**What you should do:**
Reproduce the listing below from the line with "De schildersezel wordt" to the line with "17 septembrie este", both lines included, character for character, minus any pictures.

**Excerpted records:**
# # #
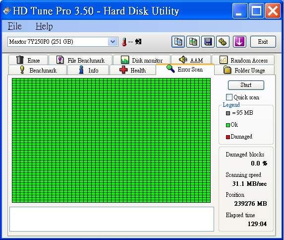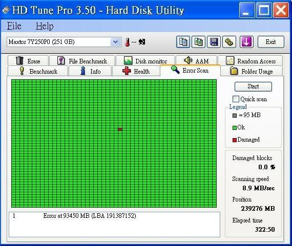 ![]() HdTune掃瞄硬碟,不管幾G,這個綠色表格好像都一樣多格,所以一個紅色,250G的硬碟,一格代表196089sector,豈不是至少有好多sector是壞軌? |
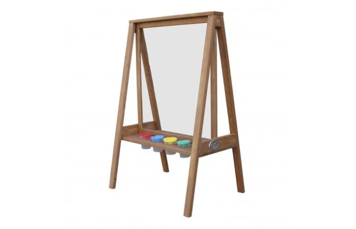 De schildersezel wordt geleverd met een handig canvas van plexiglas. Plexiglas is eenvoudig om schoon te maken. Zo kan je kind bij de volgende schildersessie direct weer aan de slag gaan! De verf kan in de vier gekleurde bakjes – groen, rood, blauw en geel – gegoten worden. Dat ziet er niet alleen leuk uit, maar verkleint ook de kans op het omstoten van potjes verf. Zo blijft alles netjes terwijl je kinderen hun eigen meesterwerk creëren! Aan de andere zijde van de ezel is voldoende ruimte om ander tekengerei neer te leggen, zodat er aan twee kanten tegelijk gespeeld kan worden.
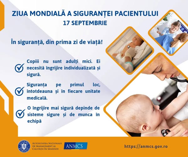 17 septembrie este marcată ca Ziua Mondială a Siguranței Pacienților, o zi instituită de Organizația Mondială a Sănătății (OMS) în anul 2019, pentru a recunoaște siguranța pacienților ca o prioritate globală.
# # #
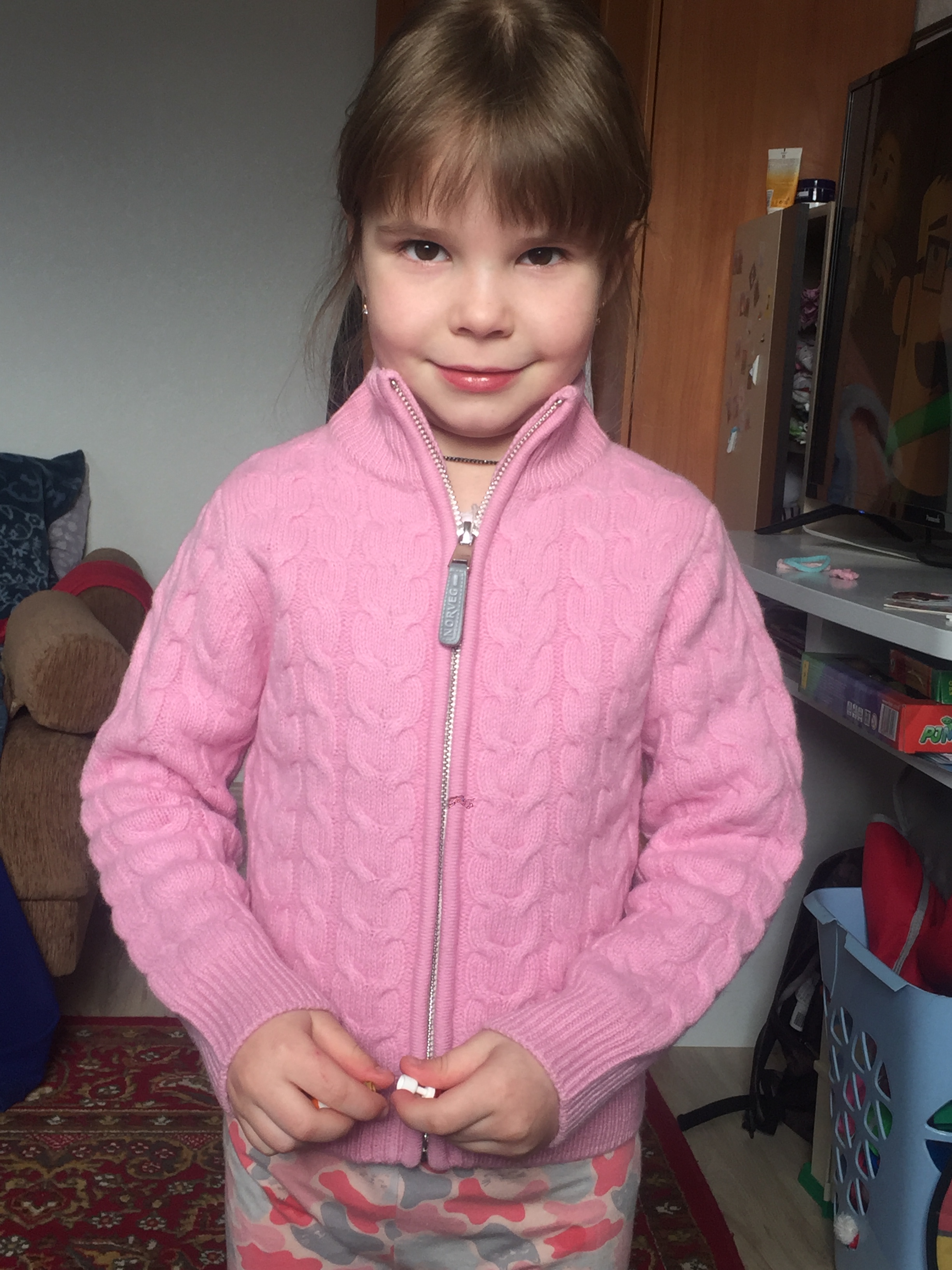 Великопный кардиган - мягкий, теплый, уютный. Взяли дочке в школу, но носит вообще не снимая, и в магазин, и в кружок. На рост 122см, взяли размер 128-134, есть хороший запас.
# # #
**Response area:**
 De schildersezel wordt geleverd met een handig canvas van plexiglas. Plexiglas is eenvoudig om schoon te maken. Zo kan je kind bij de volgende schildersessie direct weer aan de slag gaan! De verf kan in de vier gekleurde bakjes – groen, rood, blauw en geel – gegoten worden. Dat ziet er niet alleen leuk uit, maar verkleint ook de kans op het omstoten van potjes verf. Zo blijft alles netjes terwijl je kinderen hun eigen meesterwerk creëren! Aan de andere zijde van de ezel is voldoende ruimte om ander tekengerei neer te leggen, zodat er aan twee kanten tegelijk gespeeld kan worden.
 17 septembrie este marcată ca Ziua Mondială a Siguranței Pacienților, o zi instituită de Organizația Mondială a Sănătății (OMS) în anul 2019, pentru a recunoaște siguranța pacienților ca o prioritate globală.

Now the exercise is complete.